** Provided information **
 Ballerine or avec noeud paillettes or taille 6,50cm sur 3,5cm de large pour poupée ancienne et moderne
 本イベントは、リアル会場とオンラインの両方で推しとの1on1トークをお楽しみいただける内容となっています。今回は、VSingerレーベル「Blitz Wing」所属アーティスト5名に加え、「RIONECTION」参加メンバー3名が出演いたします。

---

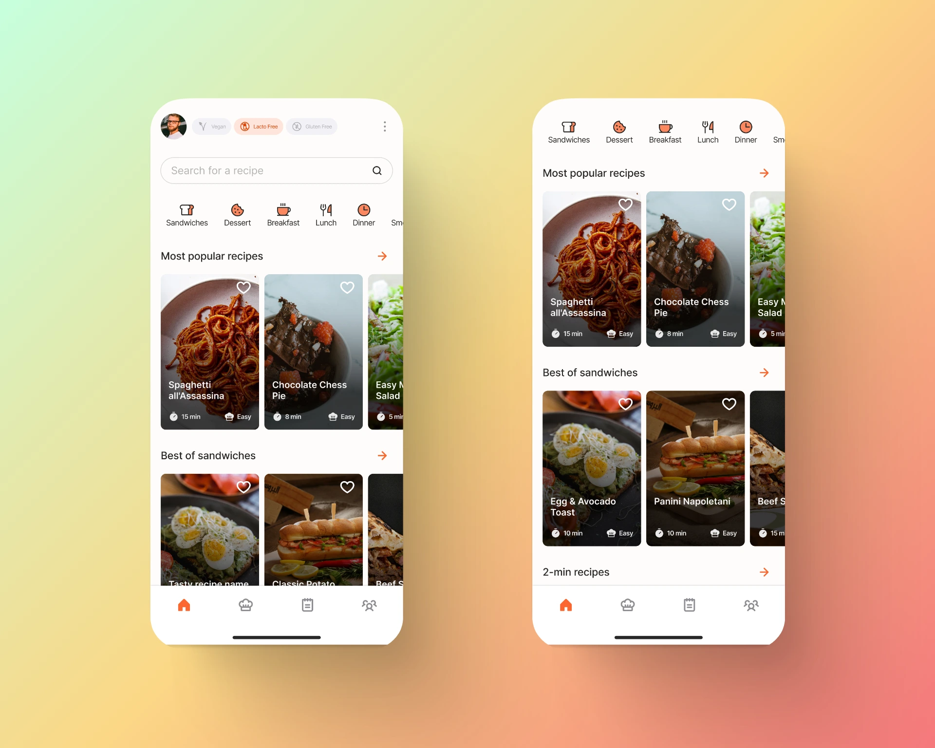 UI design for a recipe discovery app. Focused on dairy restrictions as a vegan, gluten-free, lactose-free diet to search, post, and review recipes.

--

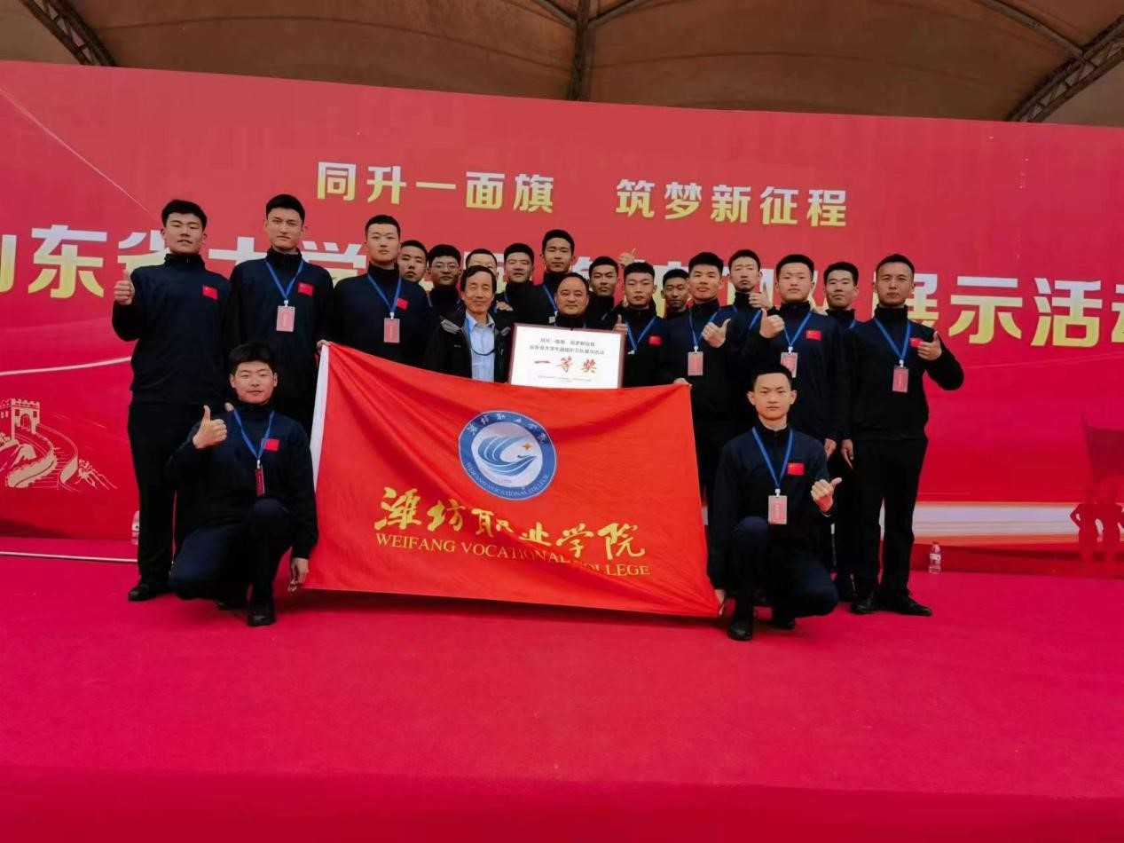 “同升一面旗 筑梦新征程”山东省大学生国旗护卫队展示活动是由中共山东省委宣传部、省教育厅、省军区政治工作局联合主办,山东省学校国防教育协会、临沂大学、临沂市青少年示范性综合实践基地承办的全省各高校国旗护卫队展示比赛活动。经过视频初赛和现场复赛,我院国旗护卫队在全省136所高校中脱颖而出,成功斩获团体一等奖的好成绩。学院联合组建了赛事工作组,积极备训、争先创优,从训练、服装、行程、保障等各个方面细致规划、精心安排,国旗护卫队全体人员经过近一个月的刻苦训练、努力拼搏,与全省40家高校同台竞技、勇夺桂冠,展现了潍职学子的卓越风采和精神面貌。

** Assignment **
The entries above hold the needed span. Transcribe exactly the lines from the one with "Ballerine or avec" to the one with "本イベントは、リアル会場とオ", both included.

** Result below **
 Ballerine or avec noeud paillettes or taille 6,50cm sur 3,5cm de large pour poupée ancienne et moderne
 本イベントは、リアル会場とオンラインの両方で推しとの1on1トークをお楽しみいただける内容となっています。今回は、VSingerレーベル「Blitz Wing」所属アーティスト5名に加え、「RIONECTION」参加メンバー3名が出演いたします。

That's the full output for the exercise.